Starting at the line that contains "The petals of", transcribe every remaining line of the data below exactly, and omit all pictures.

Data section
[Start of Attachment]

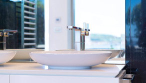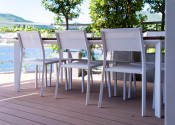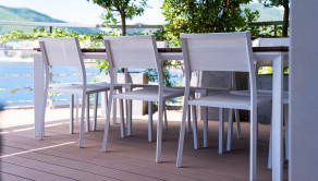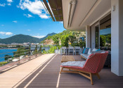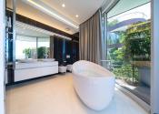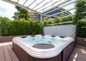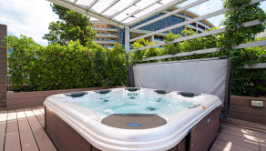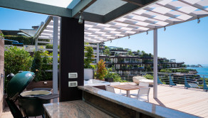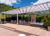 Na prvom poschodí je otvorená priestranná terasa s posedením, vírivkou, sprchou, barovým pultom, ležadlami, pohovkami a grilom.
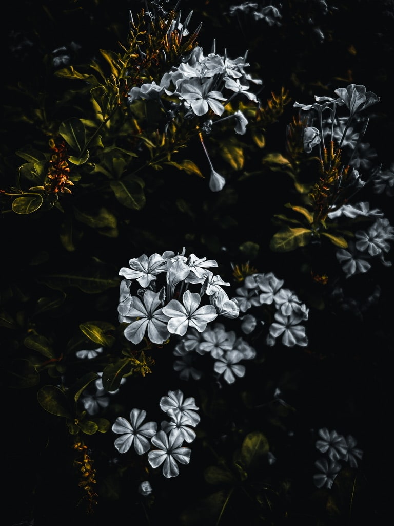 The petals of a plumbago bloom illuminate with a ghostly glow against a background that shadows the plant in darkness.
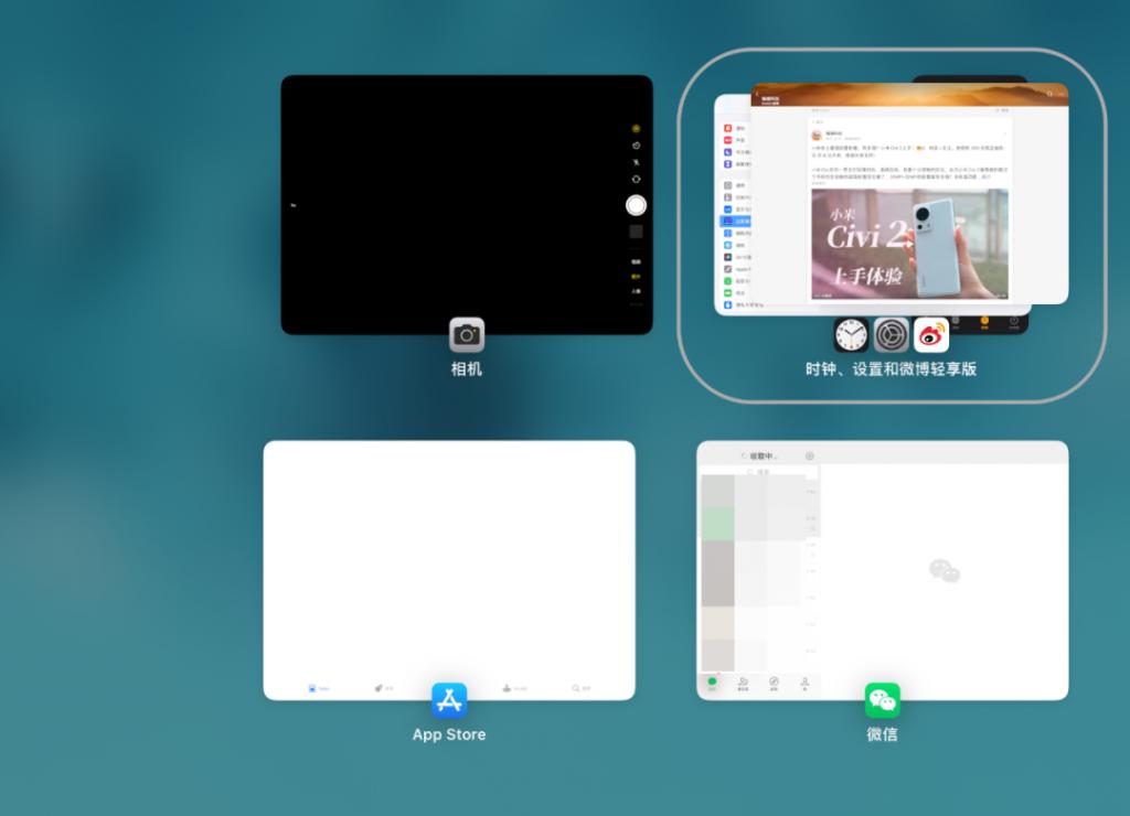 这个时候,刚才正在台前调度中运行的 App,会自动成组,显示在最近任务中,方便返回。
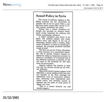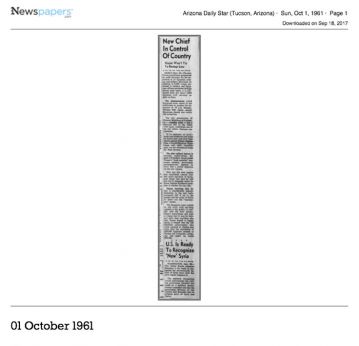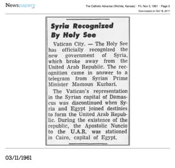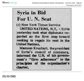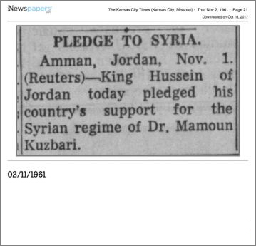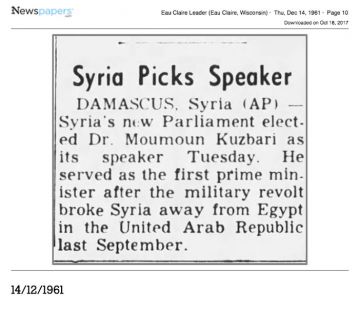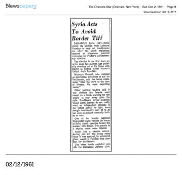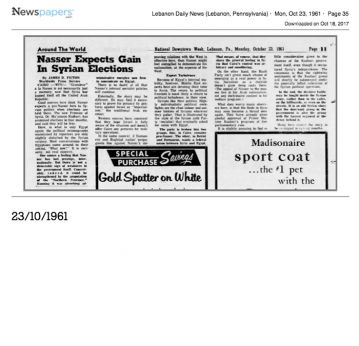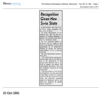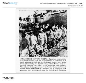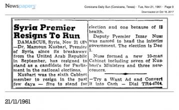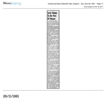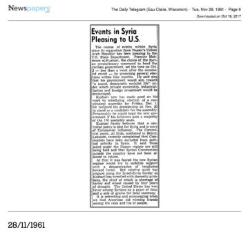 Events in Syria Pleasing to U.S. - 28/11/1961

[End of Attachment]

Expected answer
 The petals of a plumbago bloom illuminate with a ghostly glow against a background that shadows the plant in darkness.
 这个时候,刚才正在台前调度中运行的 App,会自动成组,显示在最近任务中,方便返回。
 Events in Syria Pleasing to U.S. - 28/11/1961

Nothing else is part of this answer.